Tambores (photo: Leonel Mijangos - EnAntigua.com)

Tambores (photo: Leonel Mijangos - EnAntigua.com)

Loud, proud bass drumbeats in school parades; sad, slow beats of mourning in funeral processions; rapid, staccato snare drum ruffles accompanying glockenspiel chimes: Drums are part of human culture worldwide, but Guatemalan drumbeating is especially vigorous, more than ever in this month of patriotic celebrations.

Archaeologists have uncovered many pieces of unadorned drums in digs into the oldest of Mayan lower-class housing sites. More elegantly decorated drums are depicted on many pre-Classic Maya pots and murals. Simple tambor beats continue millenniums later in traditional Mayan ceremonies. Drumming is within our souls, the infant beating with his spoon, the executive drumming fingers on the desk at boring meetings. However, those beats in the school parades are drums you really feel, waves of sound from dozens of big bass drums marching down the town’s narrow streets and echoing off the stucco walls.

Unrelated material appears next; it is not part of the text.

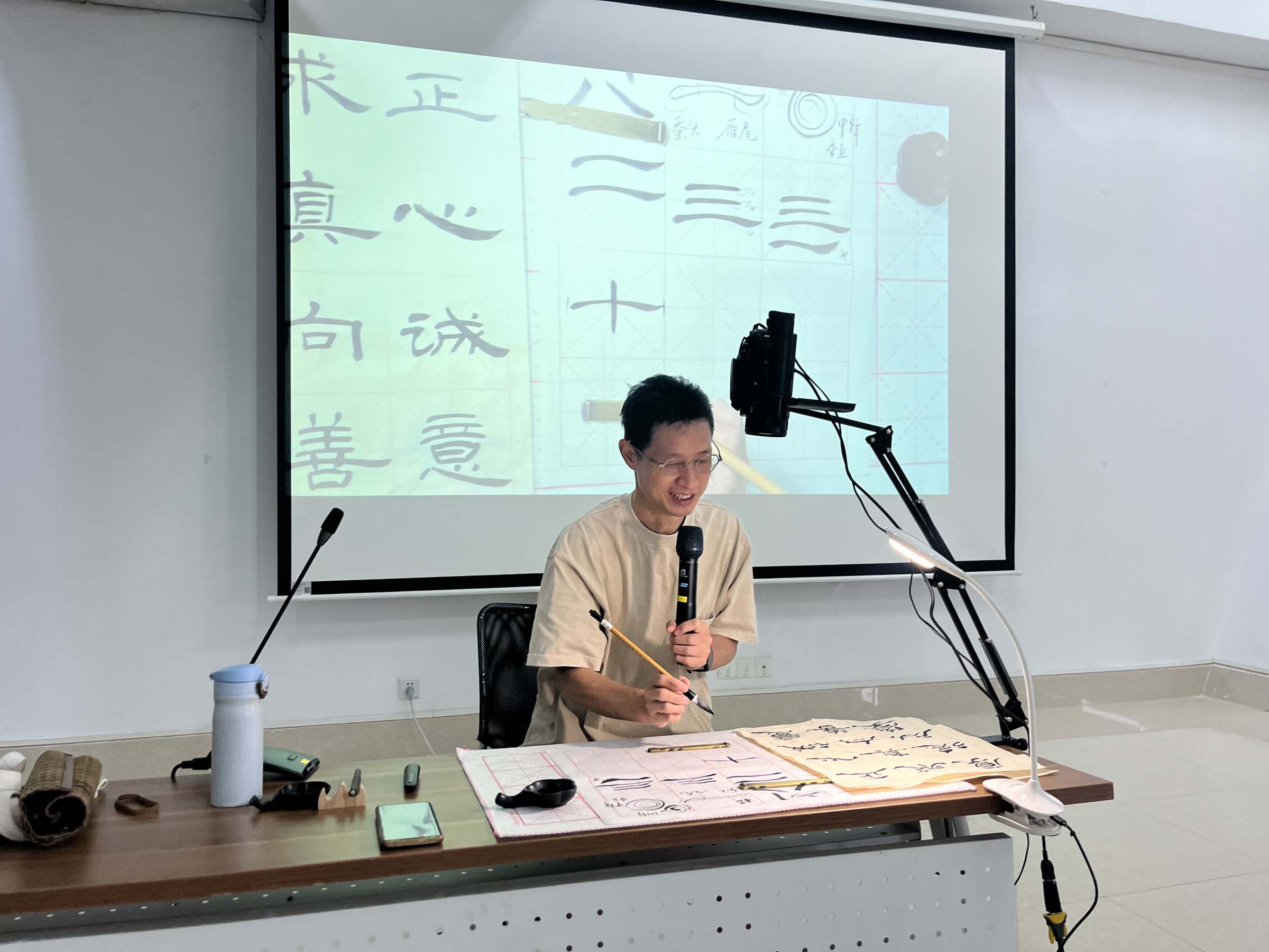 首先,王宇晖结合自身经历,向国际学生分享了自己学习书法的故事,鼓励学生在学习过程中体会中国古代隶书的魅力。

Most schools throughout the country have drum-and-bugle corps—well, really they’re drum-and-glockenspiel marchers, maybe with one or two wind instruments. The metallic notes from vigorous student glockenspiel players are a steel version of the wooden tones from the country’s traditional marimbas. Watch the school troops practice along the streets, then watch them march proudly in independence celebrations. The shortest, smallest glockenspiel player-pounder seems to get the loudest sound out, though never enough to overpower the rows of enthusiastic snare drummers and bass beaters.

Enjoy the sound—and the feel—of all the drums of Guatemala, through schoolhouse windows in practice sessions, sweeping past you in parades, thumping in village ceremonies. Every day is drum time around here.